Brown, with two broad whitish bands on each side, the upper arising from the superciliary and running along the side of the back, the lower proceeding from below the eye and ear along; the middle of the side.

Total length 5 1/2 inches [14 cm], of head and trunk 2 inches [5 cm].

The specimens in the Paris Museum are said to be from the coast of Coromandel.

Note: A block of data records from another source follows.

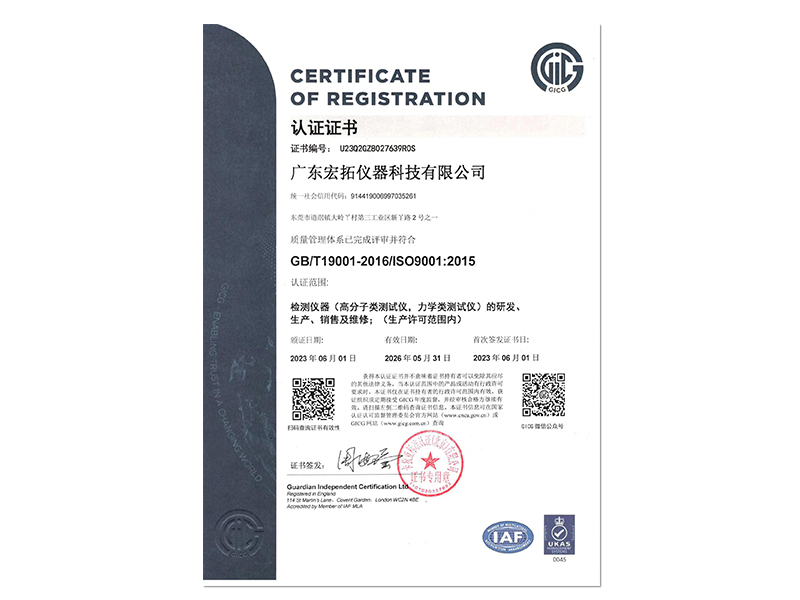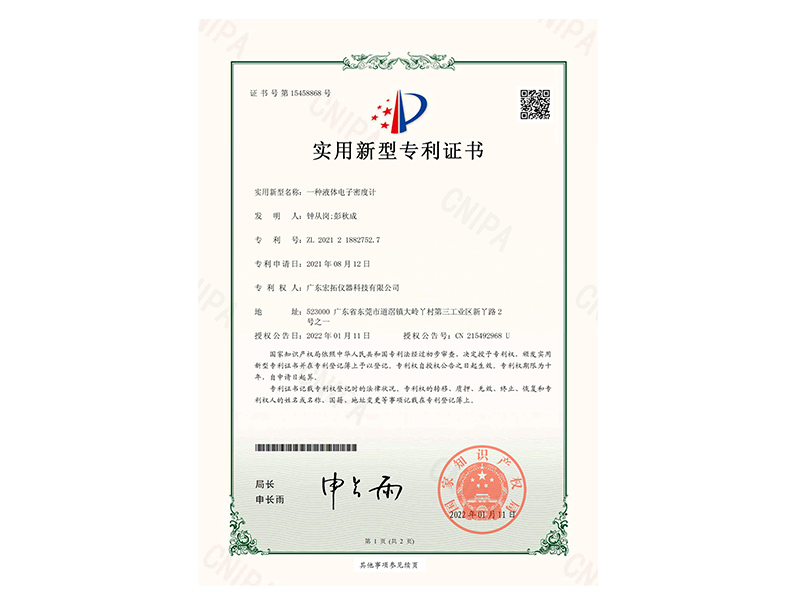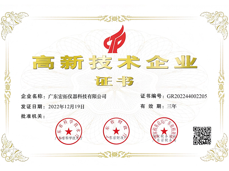 宏拓儀器通過(guò)ISO9001:2015質(zhì)量體系管理認(rèn)證,通過(guò)國(guó)家計(jì)量測(cè)試中心全面質(zhì)量與性能檢測(cè),獲得國(guó)家計(jì)量器具型式批準(zhǔn)CPA證書,T/SGX 001—2019標(biāo)準(zhǔn) 與T/SGX 007—2019標(biāo)準(zhǔn)起草單位,參于制定的國(guó)家標(biāo)準(zhǔn)GB/T43139-2023正式發(fā)布,擁有自主知識(shí)產(chǎn)權(quán),獲得國(guó)家多項(xiàng)實(shí)用新型專利證書與發(fā)明專利,產(chǎn)品通過(guò)歐盟CE認(rèn)證。
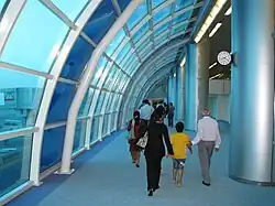 Sharjah International Airport (Arabic: مطار الشارقة, romanized: Maṭār aš-Šāriqa) (IATA: SHJ, ICAO: OMSJ) is an international airport located 7 nautical miles (13 km; 8.1 mi)[1] east-southeast of Sharjah, United Arab Emirates. It is spread over an area of 15,200,000 m2 (3,800 acres).[3] It is the 3rd busiest airport in the country as well as the 10th busiest airport in the Middle East. It has one runway, and is the only airport in Sharjah capable of international flights as of 2022. By 2027, it is expected to increase its capacity to 25 million passengers annually.[4]
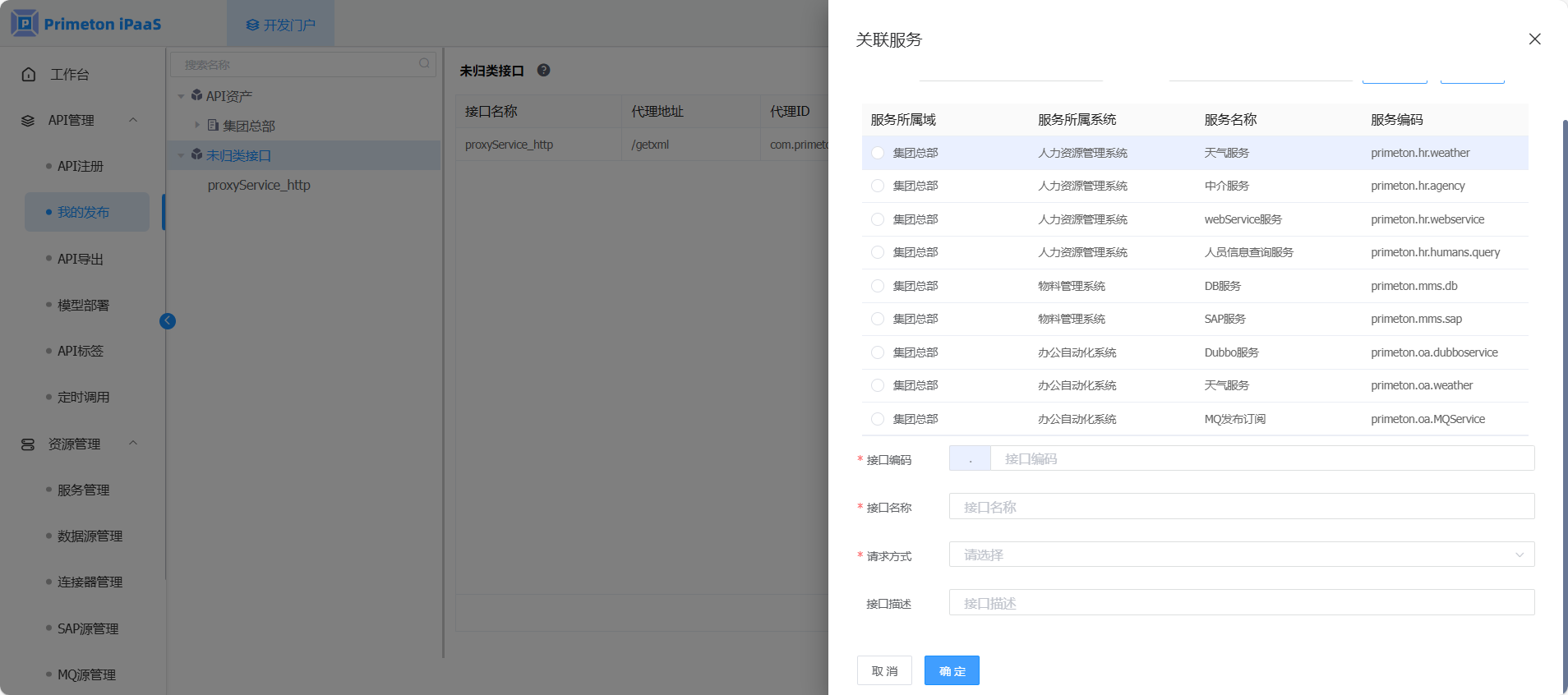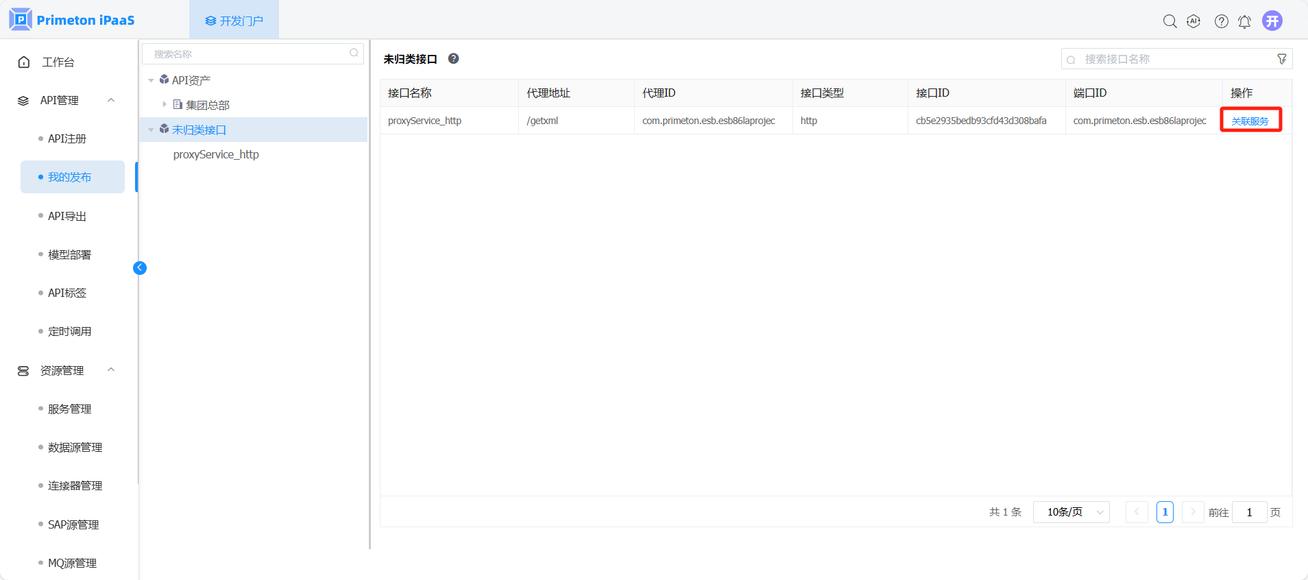 在“开发门户 > API管理 > 我的发布“页面,在未归类接口类别中,选择记录点击操作列“关联服务”按钮,打开关联服务界面。
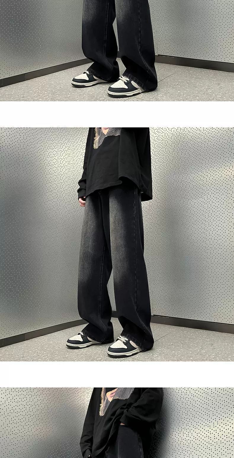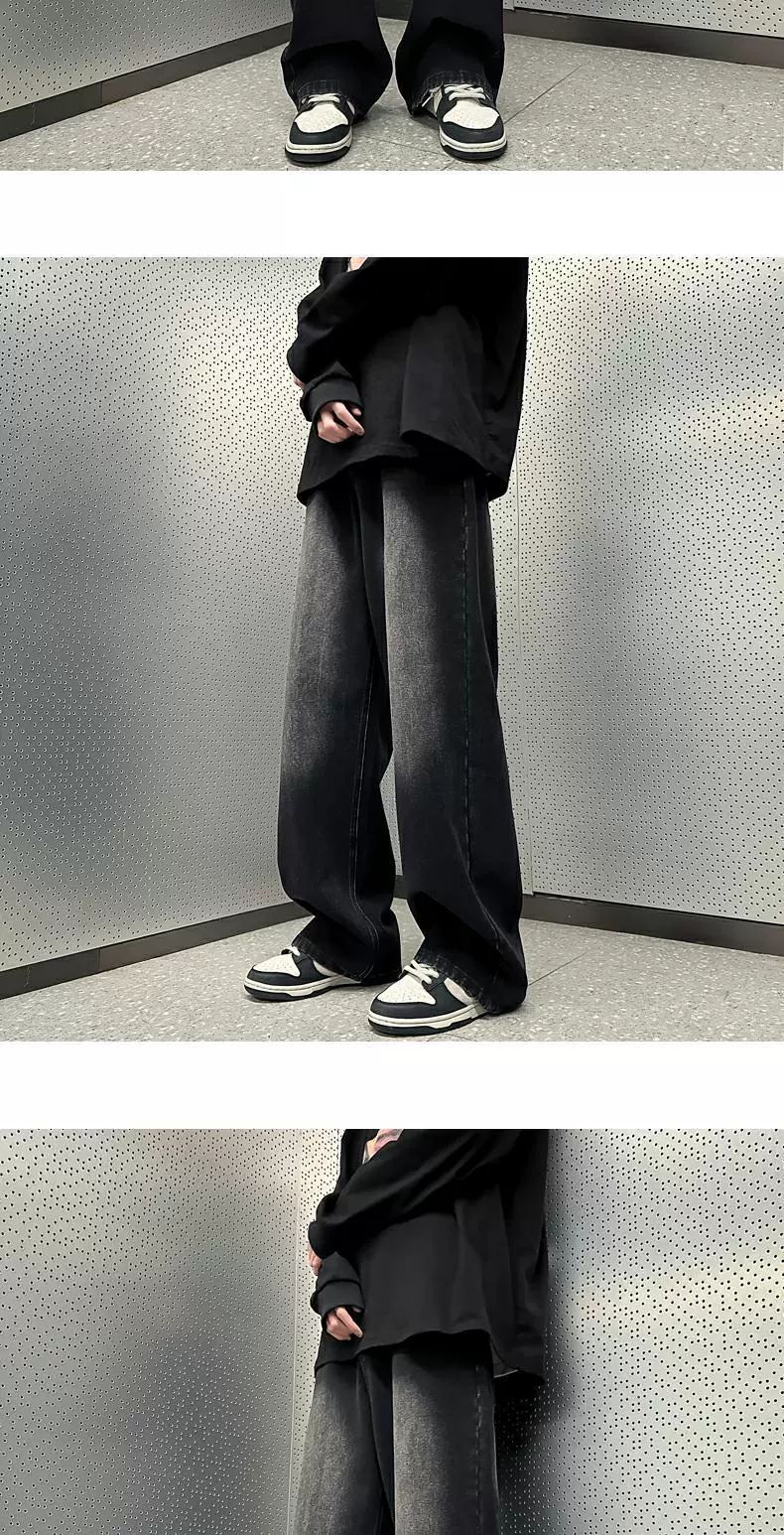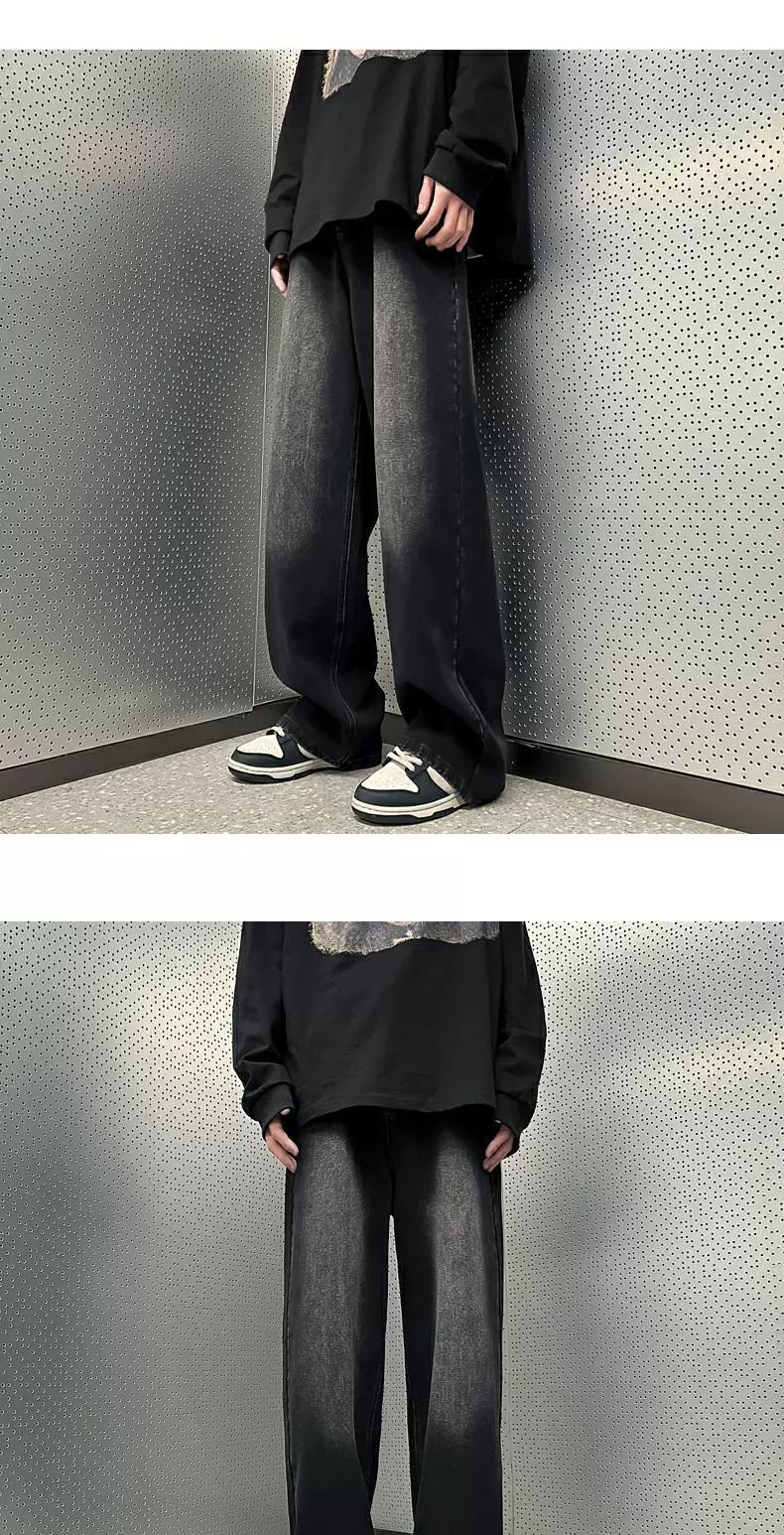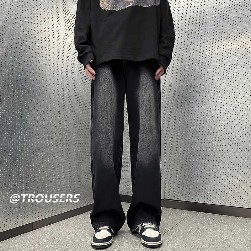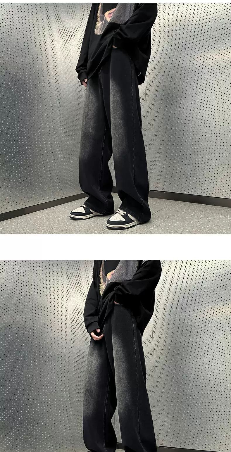 复古蓝牛仔裤男款宽松做旧oversize裤子美式休闲垂感阔腿拖地裤潮
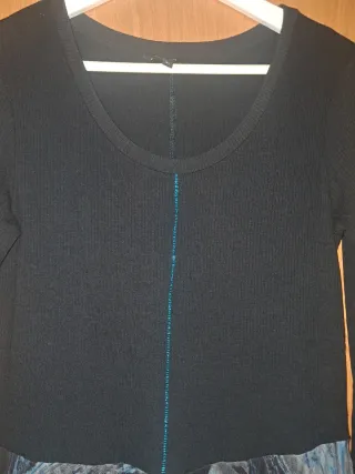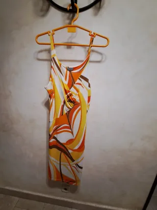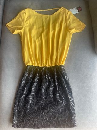 Vestido con etiqueta, sin estrenar. Combina un cuerpo amarillo con una falda negra adornada con lentejuelas. - Cuerpo de gasa ligera. - Falda con diseño de lentejuelas mate. - Cierre de cremallera lateral. - Preciosa espalda drapeada con tira en la parte alta. - tiene goma interior en la cintura, lo que hace que siente aún mejor. comprado en boutique por 155€. Lo vendo en 65€ porque urge
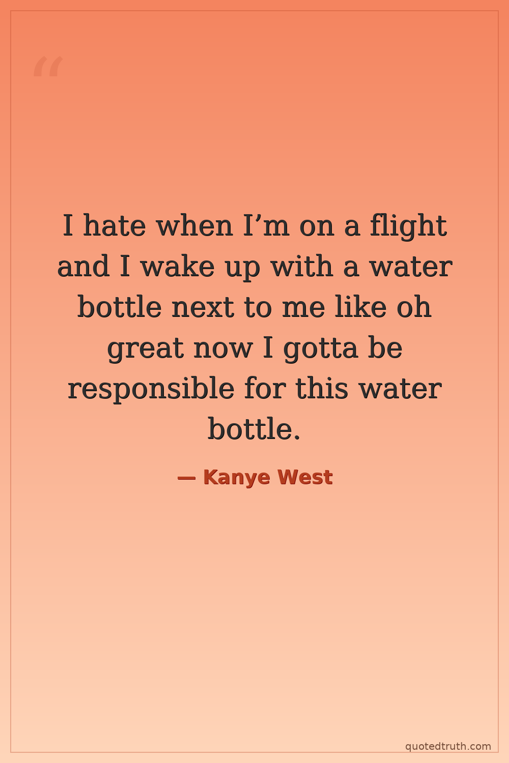 I hate when I’m on a flight and I wake up with a water bottle next to me like oh great now I gotta be responsible for this water bottle.
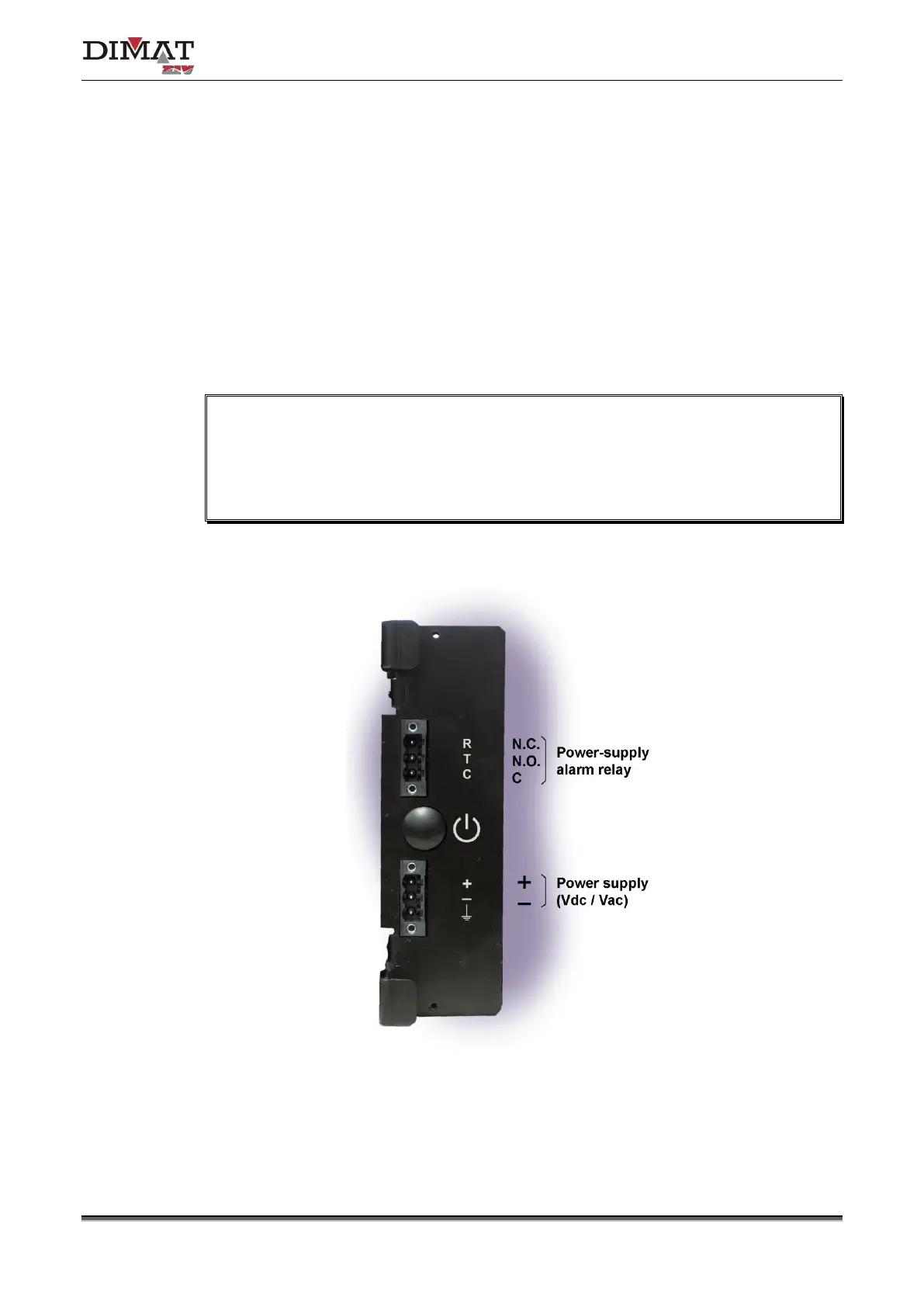 power-supply module has two terminal blocks on the front plate. One is associated with the
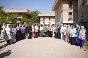 Driven by a national effort to promote environmental awareness, the Dean of the College of Education for Women and Director of the Center for Women’s Studies at the University of Baghdad, Prof. Dr. Athmar Shaker Majid Al-Shatri, and the head of the Women’s Affairs Unit, M.M. Hind Abdul Saeed, organized a large-scale volunteer campaign to plant trees in the courtyards and corridors of the College on the morning of Tuesday, October 7, 2025.

Jerdon (Journ. As. Soc. Bengal, xxii. p. 476) says that he has recognized the species: it is somewhat locally distributed. I have seen it in the Salem and Coimbatoor districts only, especially near the banks of the Cauvery. It frequents bushy ground, hedges of Euphorbia and clumps of Cactus. Mr. Blyth adds that the Museum at Calcutta contains examples of what he takes to be this species, from Pind Dadun Khan, in the Punjab Salt Range; and that it formerly possessed the same from Afghanistan."

==Habitat==
The preferred natural habitat of O. leschenaultii is rocky areas of either forest or shrubland, at altitudes from sea level to 1,500 m.

==Behavior==
O. leschenaulti is terrestrial and diurnal.

==Reproduction==
O. leschenaultii is oviparous. Clutch size is up to six eggs.

==Etymology==
The specific name, leschenaultii, commemorates French naturalist Jean Baptiste Leschenault de la Tour.